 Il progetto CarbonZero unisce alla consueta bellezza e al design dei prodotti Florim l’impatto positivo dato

---

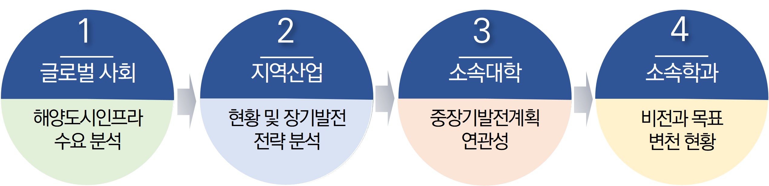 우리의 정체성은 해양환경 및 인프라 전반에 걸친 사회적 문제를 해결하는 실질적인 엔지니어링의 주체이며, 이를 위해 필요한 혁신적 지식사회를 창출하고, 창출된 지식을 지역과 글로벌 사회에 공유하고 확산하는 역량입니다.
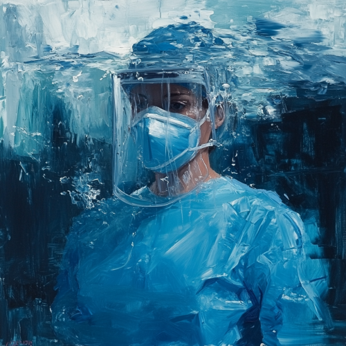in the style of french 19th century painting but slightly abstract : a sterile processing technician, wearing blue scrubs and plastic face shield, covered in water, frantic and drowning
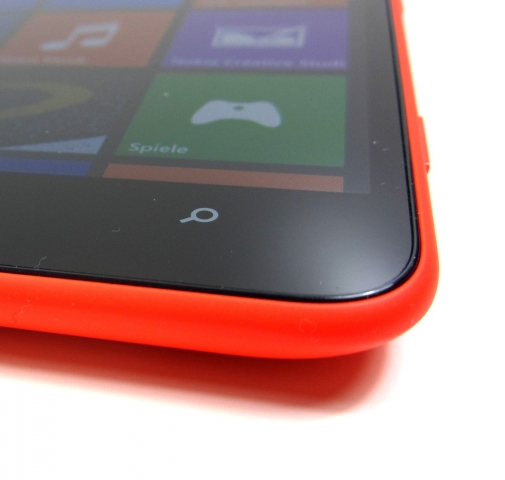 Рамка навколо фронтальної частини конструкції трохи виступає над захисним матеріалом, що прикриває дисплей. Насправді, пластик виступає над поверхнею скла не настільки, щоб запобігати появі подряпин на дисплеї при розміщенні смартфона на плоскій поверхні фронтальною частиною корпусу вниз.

- _GOAL OF THE EXERCISE_: Work from the entries above. Set down exactly and only the lines from the line with "우리의 정체성은 해양환경" to the line with "Рамка навколо фронтальної", both included, and leave the pictures out.

- _EXERCISE RESPONSE_:
 우리의 정체성은 해양환경 및 인프라 전반에 걸친 사회적 문제를 해결하는 실질적인 엔지니어링의 주체이며, 이를 위해 필요한 혁신적 지식사회를 창출하고, 창출된 지식을 지역과 글로벌 사회에 공유하고 확산하는 역량입니다.
in the style of french 19th century painting but slightly abstract : a sterile processing technician, wearing blue scrubs and plastic face shield, covered in water, frantic and drowning
 Рамка навколо фронтальної частини конструкції трохи виступає над захисним матеріалом, що прикриває дисплей. Насправді, пластик виступає над поверхнею скла не настільки, щоб запобігати появі подряпин на дисплеї при розміщенні смартфона на плоскій поверхні фронтальною частиною корпусу вниз.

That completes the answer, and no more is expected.